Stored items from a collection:
[Start of Attachment]
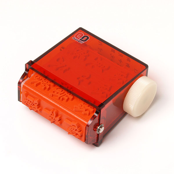 本体に付いているダイヤル1つで8パターンの印字を切り替え可能な大変便利な回転式のゴム印です。 |
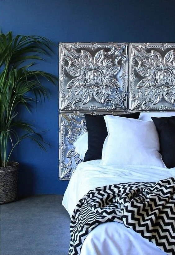 Shiny, detailed, and striking. This easy the assemble headboard will only need a few tin ceiling tiles, nails, or glue to install them to the wall, and a couple of hours to work on it. Quick and easy work for such a striking and beautiful result! Check out your nearest hardware store for your tile options and designs.
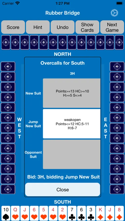 Includes explanations of all of the bidding options for yourself and your opponents. Shows hand profiles based on everyone's bidding. Provides hints for card play.
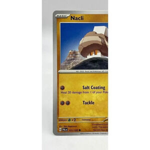 This Nacli card is a must-have for any avid Pokémon TCG collector! With a beautiful illustration by Shin Nagasawa, this card features the Rock Salt Pokémon Nacli with 70 HP. It is a Basic stage Pokémon card with a card number of 121/193 in the Scarlet & Violet - Paldea Evolved set.
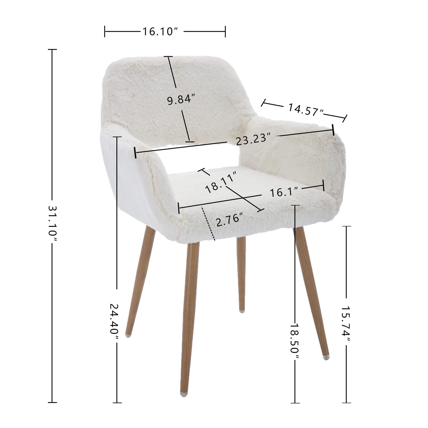 KCC Furry Desk Chair, Mid-Century Modern Accent Comfy Armchair with Faux Fur for Teen Girls, Wood Look Metal Legs Living Dining Room, Home Vanity Makeup Office No Wheel, White.
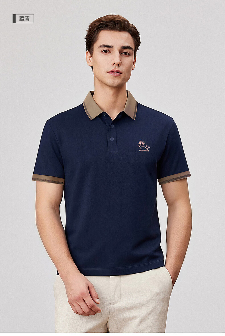 杉杉【马年贺岁刺绣马】26夏季凉感吸湿排汗刺绣男士短袖POLO衫 卡其 M
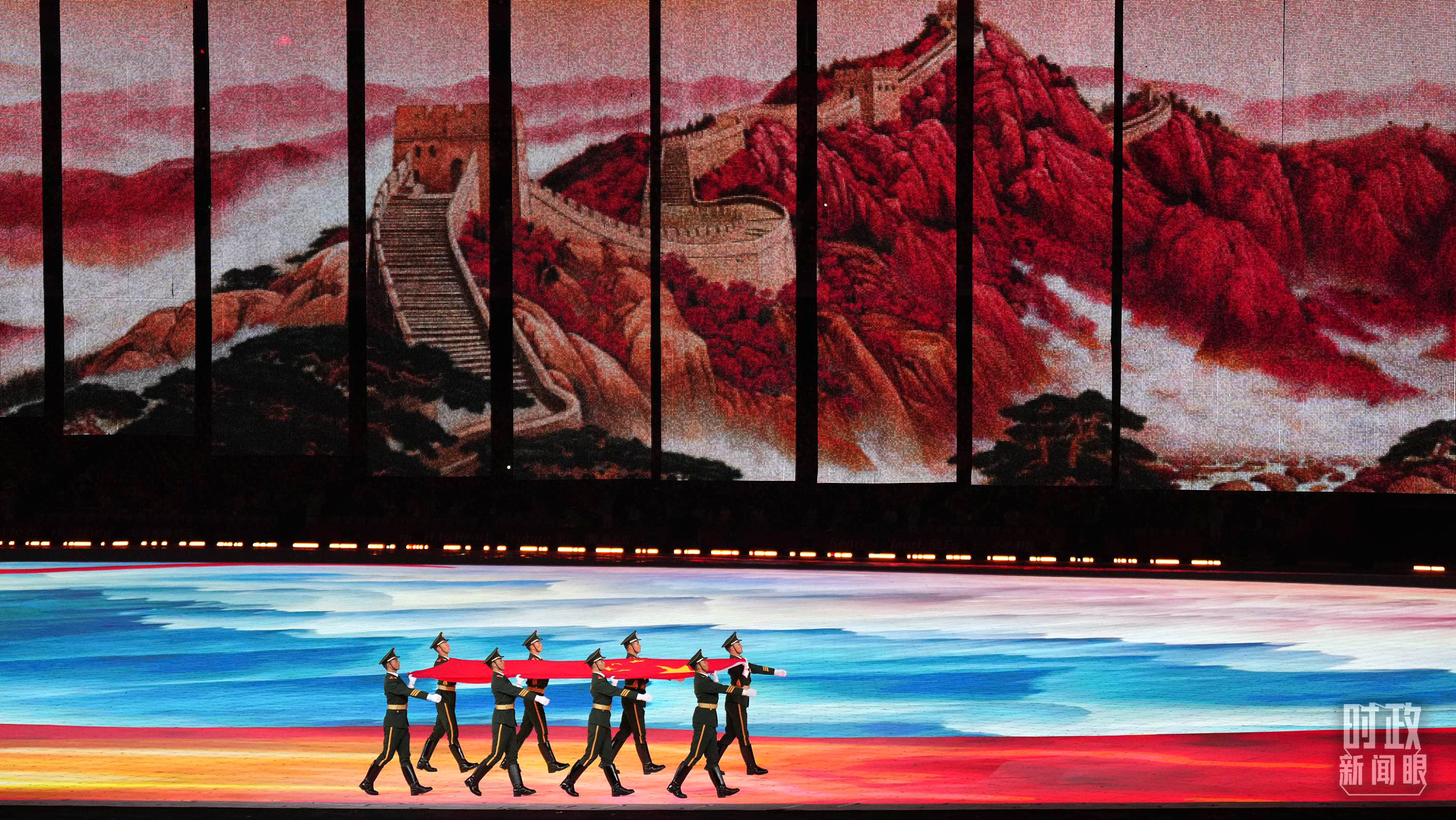 △踏著紅綢鋪就的道路,五星紅旗入場。(總臺央視記者魏幫軍、國廣記者李晉拍攝)
[End of Attachment]
TASK TO COMPLETE: Give back the entries verbatim. Do not include any picture.

FINISHED TASK:
 本体に付いているダイヤル1つで8パターンの印字を切り替え可能な大変便利な回転式のゴム印です。 |
 Shiny, detailed, and striking. This easy the assemble headboard will only need a few tin ceiling tiles, nails, or glue to install them to the wall, and a couple of hours to work on it. Quick and easy work for such a striking and beautiful result! Check out your nearest hardware store for your tile options and designs.
 Includes explanations of all of the bidding options for yourself and your opponents. Shows hand profiles based on everyone's bidding. Provides hints for card play.
 This Nacli card is a must-have for any avid Pokémon TCG collector! With a beautiful illustration by Shin Nagasawa, this card features the Rock Salt Pokémon Nacli with 70 HP. It is a Basic stage Pokémon card with a card number of 121/193 in the Scarlet & Violet - Paldea Evolved set.
 KCC Furry Desk Chair, Mid-Century Modern Accent Comfy Armchair with Faux Fur for Teen Girls, Wood Look Metal Legs Living Dining Room, Home Vanity Makeup Office No Wheel, White.
 杉杉【马年贺岁刺绣马】26夏季凉感吸湿排汗刺绣男士短袖POLO衫 卡其 M
 △踏著紅綢鋪就的道路,五星紅旗入場。(總臺央視記者魏幫軍、國廣記者李晉拍攝)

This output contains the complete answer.